Global ratings agency Moody’s has warned the appreciation of house prices at current rates could become a “credit negative” for Australian banks within a year.
In a “special comment” released on Wednesday, Moody’s said the 13 per cent increase in Australian house prices over the past 12 months was “not yet a threat to the credit profiles of Australian banks” and had “not been fuelled by excessive credit growth or a broad-based loosening of lending standards”. Annualised housing credit growth was around 5.5 per cent in March this year.
However, it added that housing market conditions were “finely balanced” and risks to the outlook were on the downside.
Moody’s said it was concerned about an acceleration of house prices outside Sydney, and was watching for competition on underwriting standards, which “could expose the banks to risks associated with lower-quality mortgage products”.
It also said it was watching stress levels in regional Australia as the economy moves away from resources sector investment-led growth, which could “raise the risk of localised downturns and adverse asset quality developments in less-diversified loan portfolios”.
Moody’s has maintained its “stable” outlook for the banking sector and each of the big four banks also have “stable” outlooks.
Should the sector outlook change to “negative”, individual bank’s ratings would be likely to follow and funding costs increase.

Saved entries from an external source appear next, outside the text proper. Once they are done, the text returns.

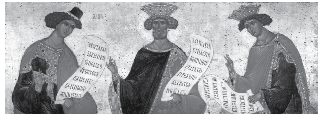
Светите пророци Даниил, Давид и Соломон (Третјаковска галерија, 1947 г.)

Бог чудотвори преку светителите и праведниците (3 Цар 17, 21-22; 4 Цар 4, 33-35; Дела 5, 12-16; 12, 11-12); не само преку оние кои живеат на земјата, туку и преку упокоените светители. Така, пророкот Исаија добива заповед да се врати „кон Езекиил, владетелот на народот“ и да му пренесе дека ќе се спасат тој и народот од рацете на Асирците „заради Мојот слуга Давид“, односно благодарение на Давид, кој веќе не бил во овој живот (4 Цар 20, 4-6).
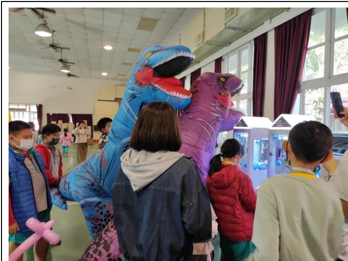
教師扮裝恐龍大使參與環境教育
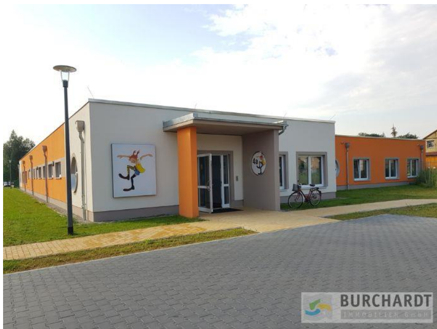
Hort Pippi Langstrumpf
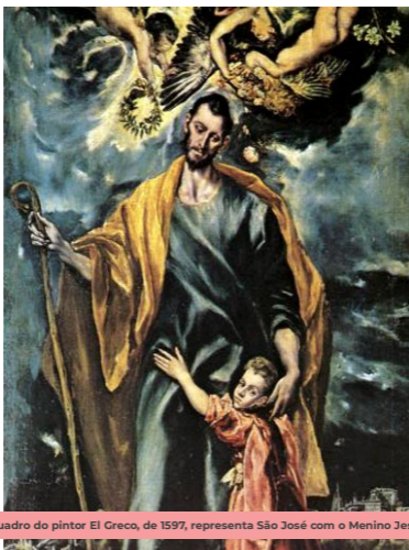
Quadro do pintor El Greco, de 1597, representa São José com o Menino Jesus

“ Todos podem encontrar em São José – o homem que passa despercebido, o homem da presença cotidiana discreta e escondida – um intercessor, um amparo e um guia nos momentos de dificuldade. São José lembra-nos que todos aqueles que estão, aparentemente, escondidos ou em segundo plano, têm um protagonismo sem paralelo na história da salvação. A todos eles, dirijo uma palavra de reconhecimento e gratidão”, completa Francisco.
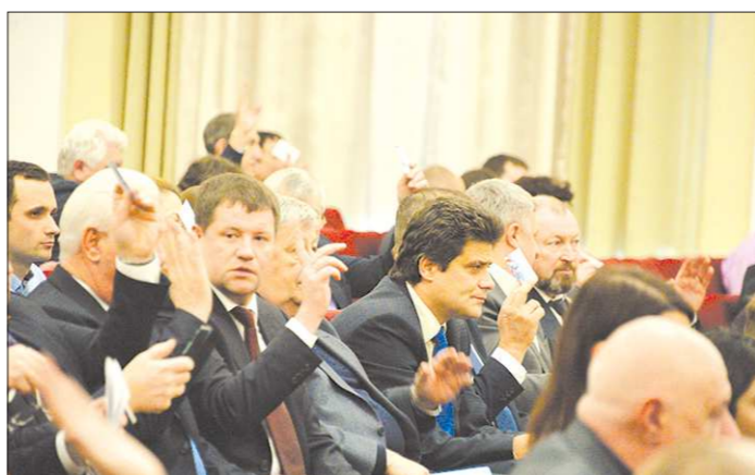
В конференции приняли участие более 240 делегатов и гостей

Ilya Serov, vice president and senior credit officer at Moody’s, said: “Australian house prices have been rising rapidly in recent quarters, raising concerns with regard to their sustainability and the possible negative impact on the quality of Australian banks’ residential mortgage portfolios – as well as the stability of the financial sector more broadly.”

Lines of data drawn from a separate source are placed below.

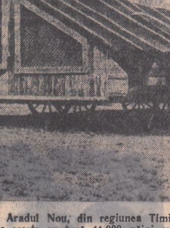
La gospodăria agricolă de stat Aradul Nou, din regiunea Timișoara, se dă o mare atenție sectorului avicol, care în acest an va crește cu încă 11.000 găini ouătoare. În fotografia noastră vă prezentăm un aspect de la dezinsecția cotețelor mobile pentru creșterea păsărilor în timp.

Preocupîndu-se neîncetat de educarea politică a tineretului și ridicarea activității lui în toate sectoarele de producție, stimulînd inițiativa bună ale tineretului în fiecare sector de muncă, organizația de bază U.T.M. își alege astfel o importantă contribuție la creșterea rentabilității gospodăriei de stat, la îndeplinirea sarcinilor trasate de partid și guvern acestor unități agricole socialiste.
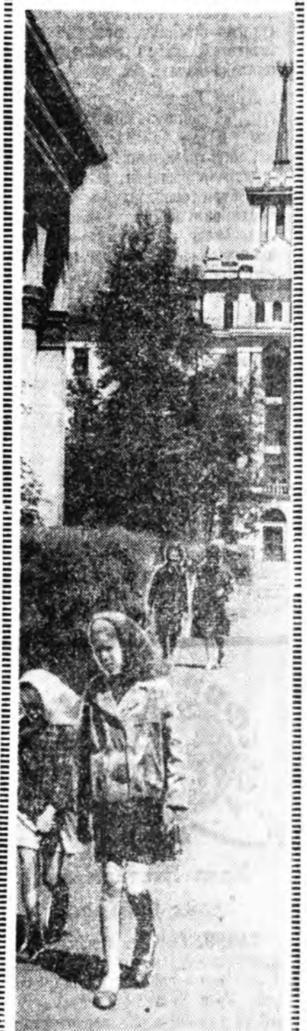
Хонгор сэдхэлтэй Хоёр найхан басгадууд, Улаан галстугтай Улаан сэрэн пионерүүд Түрэл хотынгоо Түүхэтэ гудамжаар ябанал даа. Таригданан сээсүүдэй Тааруу хайханниие харанал даа Газар юртэмсын Габьялта номсанавт болохо гү? Аба орондоо Алмаз, гранит бэдэрхэ гү? Ямар нэгэл Яшагай найхан хүсэлье Ароухан хүгүдэ Абажа лбанал даа толгойдоо...
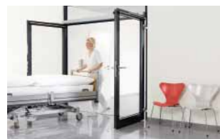
Für schnelle Abläufe 10–11
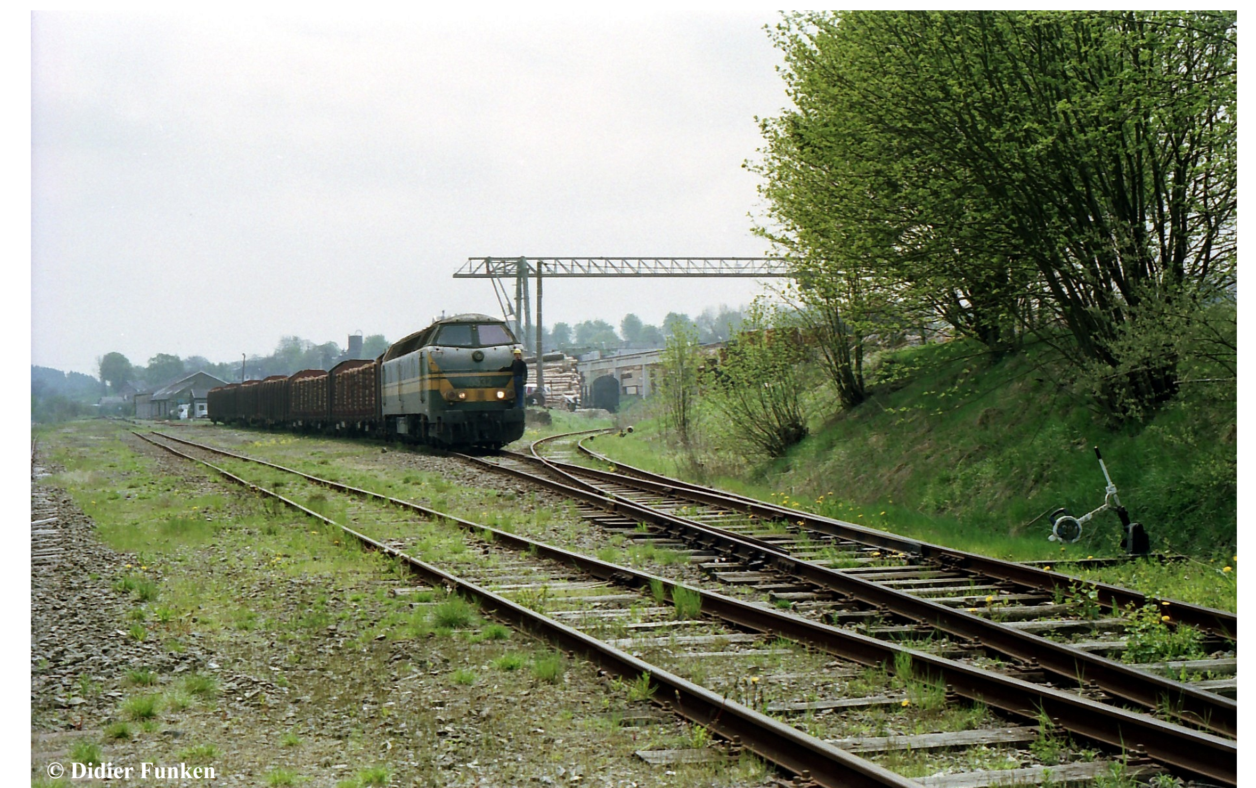
Bis 2006 fuhren noch Holzzüge (Aufn.: Mai 1991).

Sinds 2002 spoort geen passagierstrein meer over het Belgische deeltraject; vanaf einde 2003 kwamen over de lijn geen houttransporten meer; de zagerij Pauls werd wel nog tot 2006 beleverd via Trois-Ponts. Februari 2004 werd alle verkeer tussen Weywertz en Büllingen opgeheven. Nadat de treinsporen in 2006-2007 werden opgebroken, konden wandelaars en fietsers, vanaf de zomer 2012, de voormalige spoorlijn in gebruik nemen.
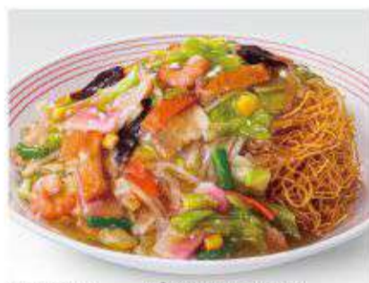
野菜たっぷり皿うどん 860円(税抜797円)
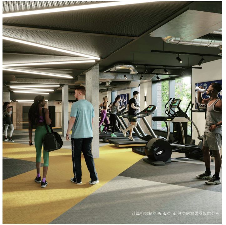
计算机绘制的 Park Club 健身房效果图仅供参考
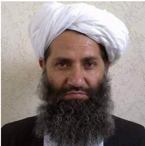
Obrázek 4 Hibatullah Akhundzada 13

Po stažení spojeneckých vojsk a znovu převzetí moci Talibanem v září 2021 došlo k vyhlášení Islámského emirátu Afghánistán a transformaci organizace čímž se její organizační struktura změnila. V současnosti je vůdce hnutí současně i úřadujícím prezidentem emirátu. Dále je ve vedení státu premiér a tři vicepremiéři viz obrázek 5.
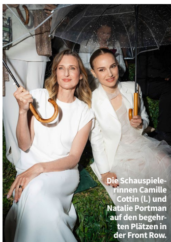
Die Schauspielerinnen Camille Cottin (l.) und Natalie Portman auf den begehrten Plätzen in der Front Row.
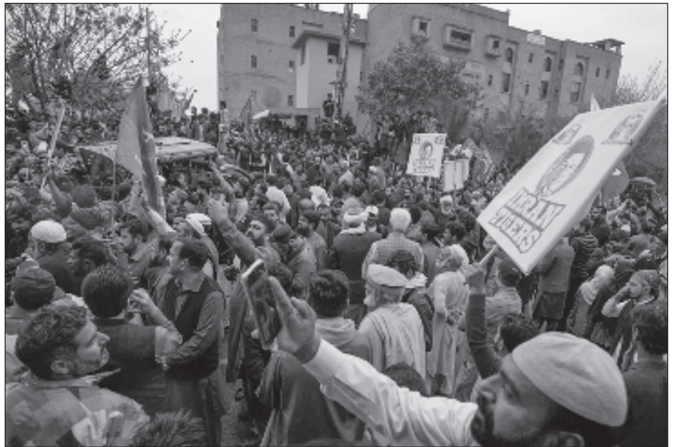
▲ Cientos de seguidores protegieron a Imran Khan de ser detenido este domingo.

“Le estamos pidiendo a él (Khan) que venga con nosotros”, dijo el jefe de policía Akbar Nasir al canal paquistaní Dawn News TV.
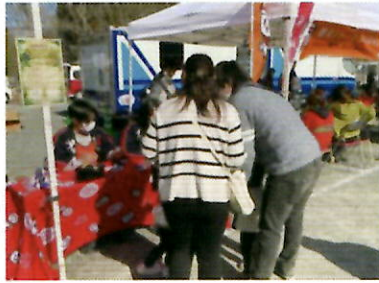
1月18日開催 新城消防祭（新城市）
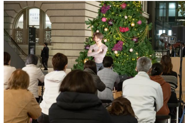
手軽に続ける。 からだを整えるストレッチ
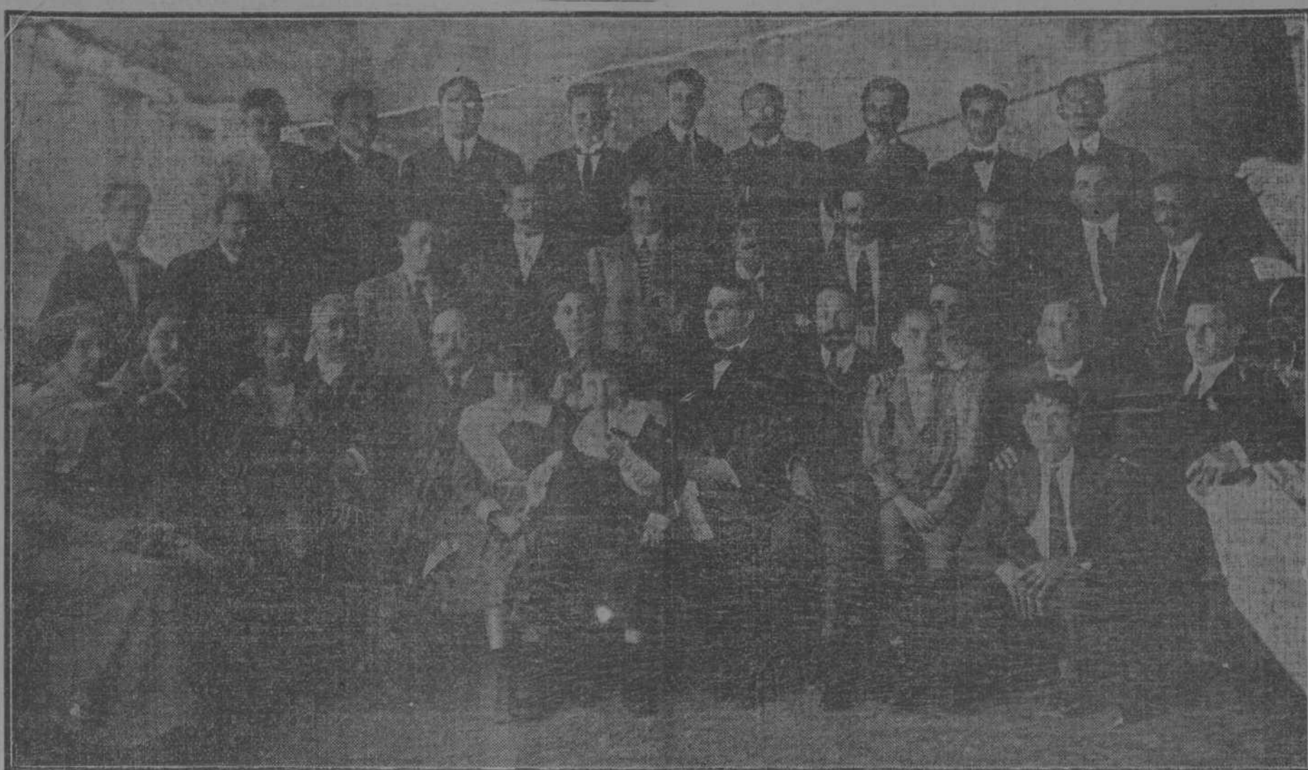
Grupo de asistentes al almuerzo de los reporteros gráficos.

dos días del cocinero imperial. La banda del crucero "Cuba", durante el almuerzo, ejecutó el siguiente programa: 1. Pasodoble "Eva", Lehar. 2. Overture "Zampas", Herold. 3. Polka "Marinera", N. 4. Fantasia "El club de los solteros", Lima. 5. Vals "Cuando el amor renace", Gremmer. 6. Potpourri "Cantos de Cuba", Alvarez. 7. Danzón "El pescado", Ponce. Aquí otra plancha hablaría en elogio del director y de los músicos impresionando los aplausos de los comensales gravemente impresionados. Y hubo los brindis de rigor, en los que se expuso el valor indiscutible de
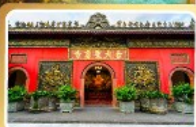
วัดต้าอ้อ
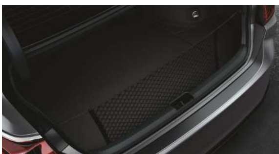
Вертикальна сітка кріплення вантажу

Moody’s warning comes at National Australia Bank reports its interim profit on Thursday, after Westpac and ANZ delivered bumper profits in the past week. Australian housing accounts for around 60 per cent of bank credit commitments.
In a report on the Australian banks issued in February, rival ratings agency Standard & Poor’s said it expected ratings and outlooks in the banking sector to remain unchanged this year.